If your interest lies in baking or cooking, America's Test Kitchen puts out a wealth of tested and reliable recipes. This was my first source of information when I started to get really serious about pastry baking. I highly reccomend both of these books. There is some overlap between the two - if you think baking is your sole interest, then Baking Illustrated would be my suggestion. But Best Recipe has a huge selection of traditional cooking technique and recipes in addition to the baking sections.
America's Test Kitchen is also behind a number of magazines, including Cook's Illustrated as well as Cook's Country. I would suggest checking them out as well - if you prefer an e-solution, thier website offers access to a wide range of recipes as well, for a small subscription price.

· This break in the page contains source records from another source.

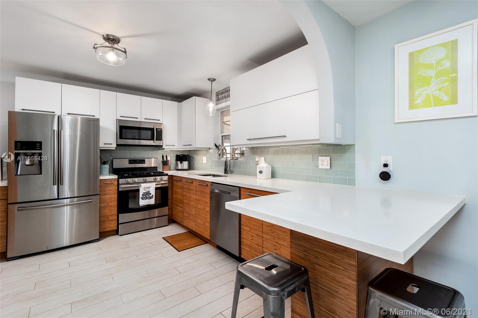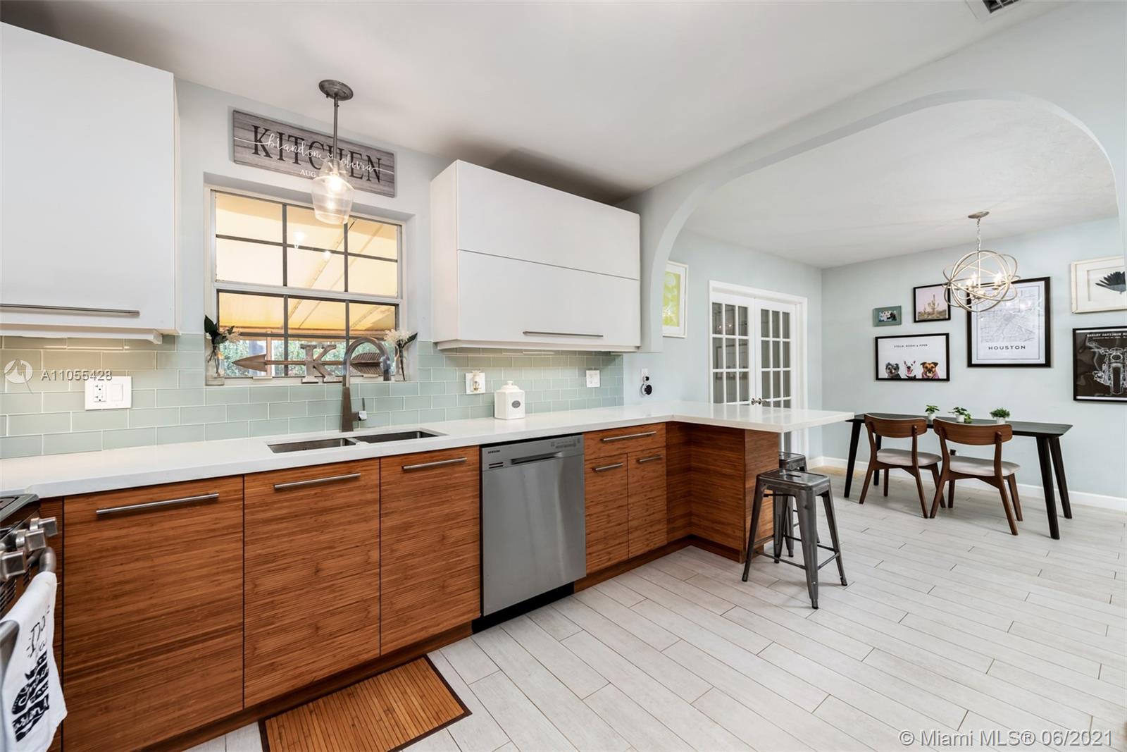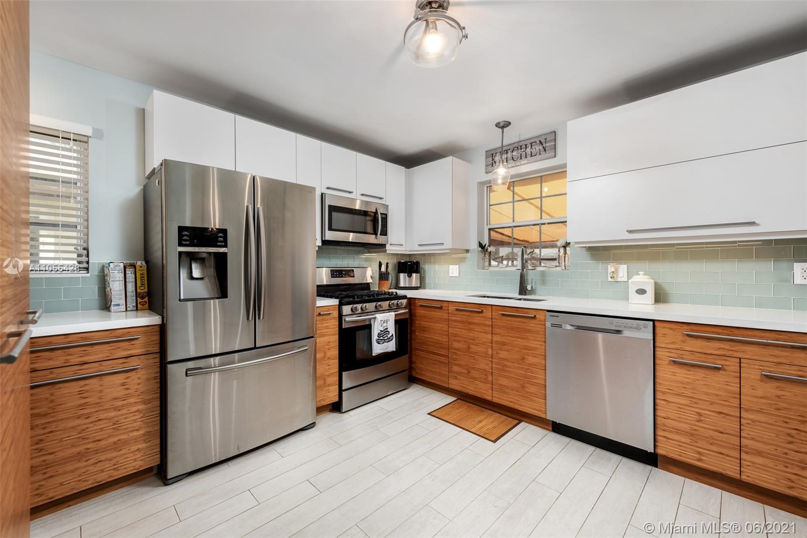 Home 1400 sq ft per owner. Beautifully updated 3 bed / 2 full baths open concept home in quaint & highly desirable Hollywood Lakes. Fully updated designer kitchen with bamboo cabinets, quartz countertops, stainless steel appliances, gas stove, new porcelain floors throughout. Updated bathrooms, 1 car garage with window & side door which can easily be converted into 4th bedroom. Spacious fenced backyard with fruit trees, and lot's of room for a pool. A/C 5 years old. Walking distance to ArtsPark at Young Circle Hollywood Beach Golf Club. Minutes to famous Hollywood Beach, Hollywood boardwalk, Downtown Hollywood, & new Margaritaville Beach Resort.
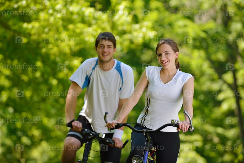 Счастливая пара катается на велосипедах на свежем воздухе
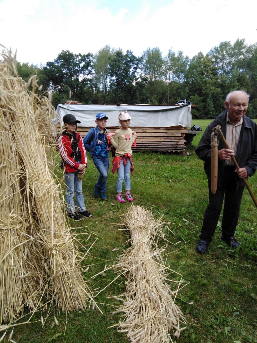 An der Blechmühle angekommen, konnten sich die Kinder stärken und etwas erholen. Hier erfuhren sie von Rosi Schuller Wissenswertes über den Betrieb dieser Mühle. Ein „Kornmandl“ war aufgebaut und sie erhielten einen kleinen Einblick, wie früher mit einem Dreschflegel umgegangen wurde.

This book is as classic as it gets and should be on the shelf of any serious baker. There are a ton of great recipes here as well as good reliable advice regarding technique and equipment. The recipes are very accessable and offers a nice balance of simple recipes with more sophisticated.
If your interests aim more towards cake, the equivelant book is also available. As of now, I don't have any content on the website regarding cake so if that is what you are looking for, this book comes highly recommended.
This is actually a textbook so there are a number of class related exercises and discussion topics but the information presented is very helpful. It delves into the science of baking and gives understandable insight into a complex subject.